Surprised. I thought such enum definition would require C++17, while we were using C++14 in this project.

@mosra:
Are these outputs allso required to be "mutually exclusive" for each shader?

For textures, I introduced a new header file called TextureBindingPointIndex.h in #132 to define enumerators (binding points) so that texture units would not conflict. I would like to move the "textureLayer" defined in GenericShader.cpp to this file. Any comments?

I think this enum syntax was available in c++11:

https://en.cppreference.com/w/cpp/language/enum

Yes, C++11 added two new things to enums -- strong enums (enum class) and typed enums (enum: type). Those two are completely orthogonal features, one can be used without the other.

Texture binding points -- see my other comment at #151 (comment)

erikwijmans · 2019-08-14T18:14:08Z

This also precludes the GPU-GPU transfer of depth data to CUDA and forces a GPU-CPU and a CPU-GPU copy compared to the ideal case of no copies.

For GPU-GPU, the unprojection can be done on the GPU via CUDA quite easily.

msbaines

LGTM. As Erik commented, my initial concerns about GPU-GPU will be addressed by doing the depth unprojection in CUDA.

src/esp/gfx/Renderer.cpp

msbaines · 2019-08-15T06:37:03Z

src/esp/gfx/Renderer.cpp

+    */
+    const Matrix4 projection = camera.getMagnumCamera().projectionMatrix();
+    const Matrix4 invertedProjection =
+        Matrix4::translation(Vector3::zAxis(-projection.translation().z())) *


I think this is where you are chopping off the near-plane by moving the near-plane to z=0. How does it work? Why would projection.translation().z() give you the correct z-translation?

Hmm. 🤔 Good point, actually 👍

I won't lie -- without this, the output was different from the previous depth value written explicitly by the shader by about 0.02. And the projection translation Z is also about 0.02, and this operation seemed to make sense at the time -- that was even before the tests were passing, as I hadn't yet discovered the discrepancy between mesh holes being represented as 0 in the previous case and 1 by the GPU depth buffer, and thus wasn't aware that this shift doesn't have much effect on the test passing. It passes both with and without, the threshold is large enough to allow that.

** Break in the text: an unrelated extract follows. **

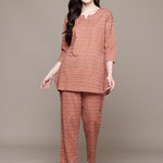 Straight Style Cotton Fabric Rust Color Co-Ord Set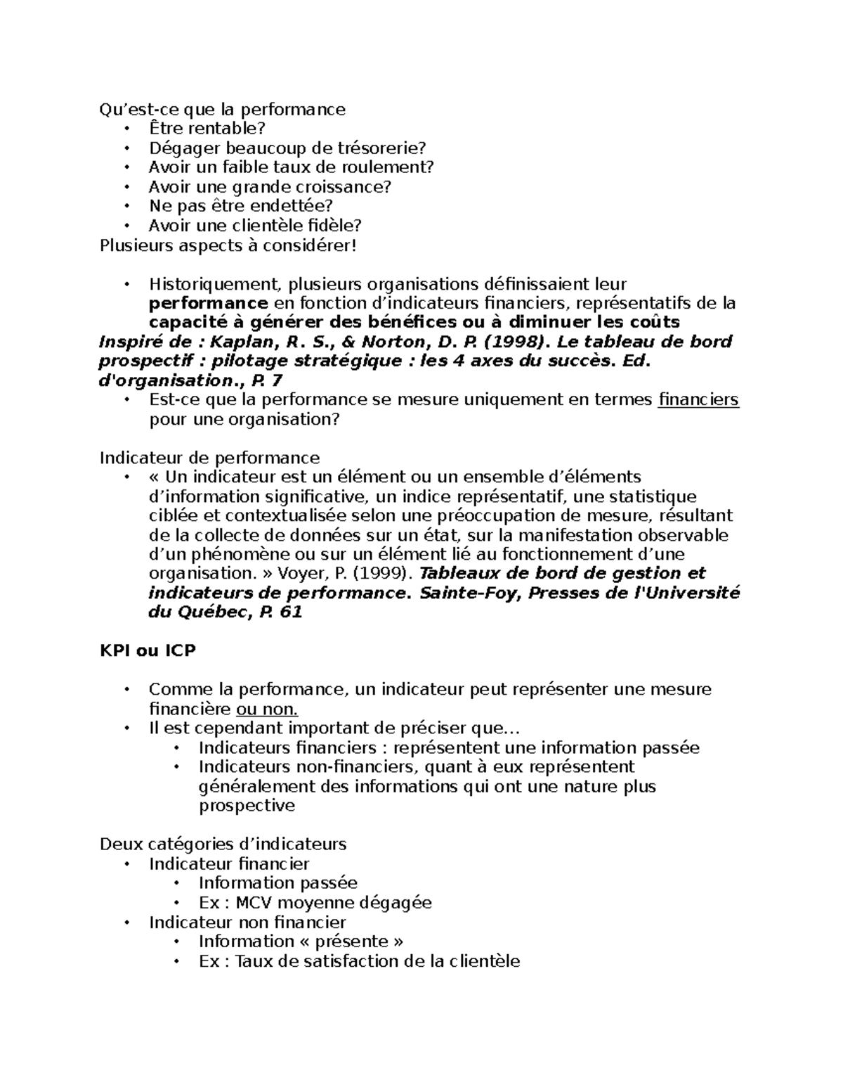 Notes de Séance 14 : Indicateurs de Performance et Tableau de Bord ...

Now, when going through the actual matrix math, it seems totally arbitrary and just a lucky coincidence 😅 Furthermore, when removing this arbitrary shift, the resulting depth frame is much closer to the actual ground truth (could reduce the threshold to 0.3e-2 from 1.5e-2 and it still passes). Removing this, then, thanks a lot for the heads-up.

A remaining mystery is the 0.02 difference between values produced by the GPU depth buffer and by the explicit shader calculation -- but since I'm closer to the ground truth with the GPU depth buffer, I would assume it's due to some rounding errors happening at various places (and also the switch from 24-bit depth to 32F depth could have an effect on that).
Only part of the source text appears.